──────── Excerpted records ────────

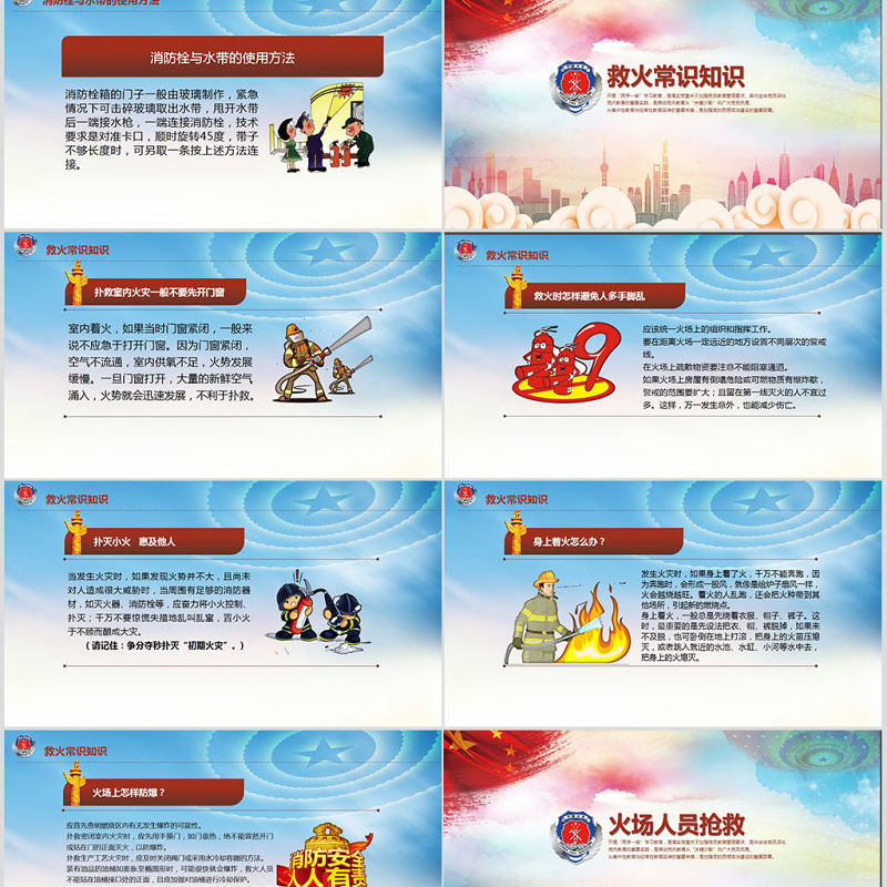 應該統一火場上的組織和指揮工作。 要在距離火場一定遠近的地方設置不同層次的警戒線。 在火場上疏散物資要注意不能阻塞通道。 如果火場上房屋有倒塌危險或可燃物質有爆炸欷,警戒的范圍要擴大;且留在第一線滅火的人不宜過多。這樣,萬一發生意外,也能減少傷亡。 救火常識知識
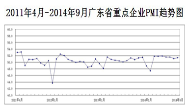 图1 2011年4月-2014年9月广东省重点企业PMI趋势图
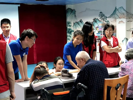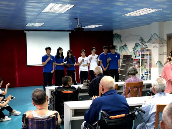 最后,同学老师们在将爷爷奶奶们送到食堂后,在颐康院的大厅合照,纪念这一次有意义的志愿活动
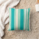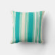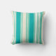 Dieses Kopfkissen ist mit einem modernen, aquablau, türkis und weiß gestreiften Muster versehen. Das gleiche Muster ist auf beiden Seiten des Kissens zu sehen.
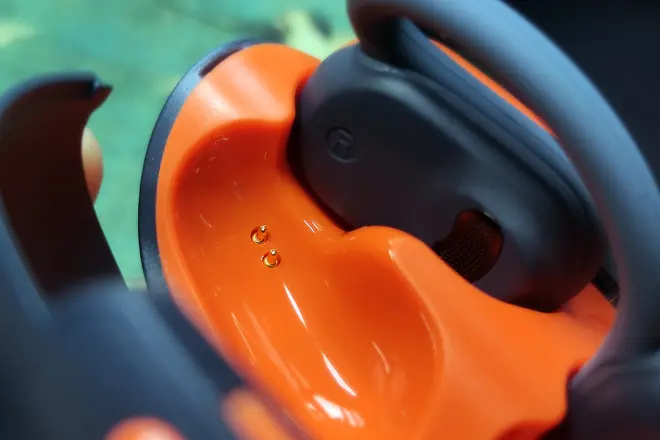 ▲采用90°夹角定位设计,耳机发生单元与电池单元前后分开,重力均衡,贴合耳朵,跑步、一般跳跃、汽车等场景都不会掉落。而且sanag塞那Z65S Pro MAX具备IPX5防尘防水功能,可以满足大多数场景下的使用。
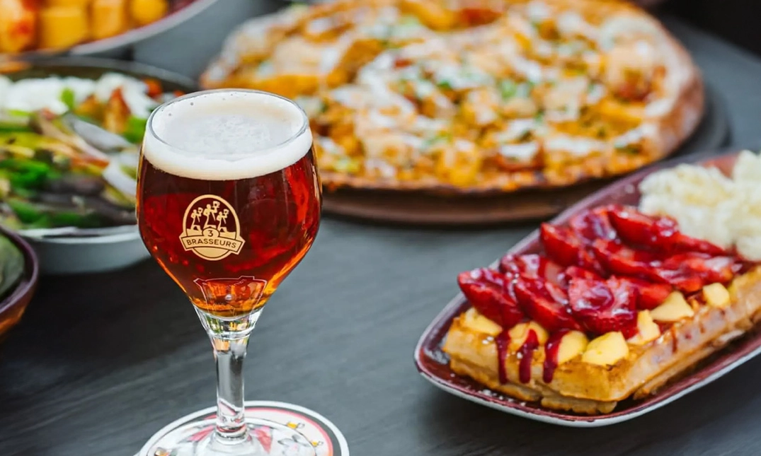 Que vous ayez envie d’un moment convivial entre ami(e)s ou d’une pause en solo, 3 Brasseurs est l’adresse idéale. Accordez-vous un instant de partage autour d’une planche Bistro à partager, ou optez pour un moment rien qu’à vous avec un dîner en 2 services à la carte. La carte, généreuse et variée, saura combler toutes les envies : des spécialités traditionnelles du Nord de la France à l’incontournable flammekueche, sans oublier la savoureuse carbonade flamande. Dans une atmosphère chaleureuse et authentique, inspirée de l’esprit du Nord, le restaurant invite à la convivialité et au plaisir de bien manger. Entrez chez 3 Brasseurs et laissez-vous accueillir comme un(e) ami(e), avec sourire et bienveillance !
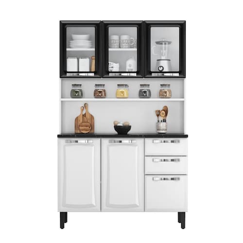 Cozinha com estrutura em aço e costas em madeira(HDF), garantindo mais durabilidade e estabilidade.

────────

● Task requirements
Transcribe the records word for word and include no pictures.

● Result
 應該統一火場上的組織和指揮工作。 要在距離火場一定遠近的地方設置不同層次的警戒線。 在火場上疏散物資要注意不能阻塞通道。 如果火場上房屋有倒塌危險或可燃物質有爆炸欷,警戒的范圍要擴大;且留在第一線滅火的人不宜過多。這樣,萬一發生意外,也能減少傷亡。 救火常識知識
 图1 2011年4月-2014年9月广东省重点企业PMI趋势图
 最后,同学老师们在将爷爷奶奶们送到食堂后,在颐康院的大厅合照,纪念这一次有意义的志愿活动
 Dieses Kopfkissen ist mit einem modernen, aquablau, türkis und weiß gestreiften Muster versehen. Das gleiche Muster ist auf beiden Seiten des Kissens zu sehen.
 ▲采用90°夹角定位设计,耳机发生单元与电池单元前后分开,重力均衡,贴合耳朵,跑步、一般跳跃、汽车等场景都不会掉落。而且sanag塞那Z65S Pro MAX具备IPX5防尘防水功能,可以满足大多数场景下的使用。
 Que vous ayez envie d’un moment convivial entre ami(e)s ou d’une pause en solo, 3 Brasseurs est l’adresse idéale. Accordez-vous un instant de partage autour d’une planche Bistro à partager, ou optez pour un moment rien qu’à vous avec un dîner en 2 services à la carte. La carte, généreuse et variée, saura combler toutes les envies : des spécialités traditionnelles du Nord de la France à l’incontournable flammekueche, sans oublier la savoureuse carbonade flamande. Dans une atmosphère chaleureuse et authentique, inspirée de l’esprit du Nord, le restaurant invite à la convivialité et au plaisir de bien manger. Entrez chez 3 Brasseurs et laissez-vous accueillir comme un(e) ami(e), avec sourire et bienveillance !
 Cozinha com estrutura em aço e costas em madeira(HDF), garantindo mais durabilidade e estabilidade.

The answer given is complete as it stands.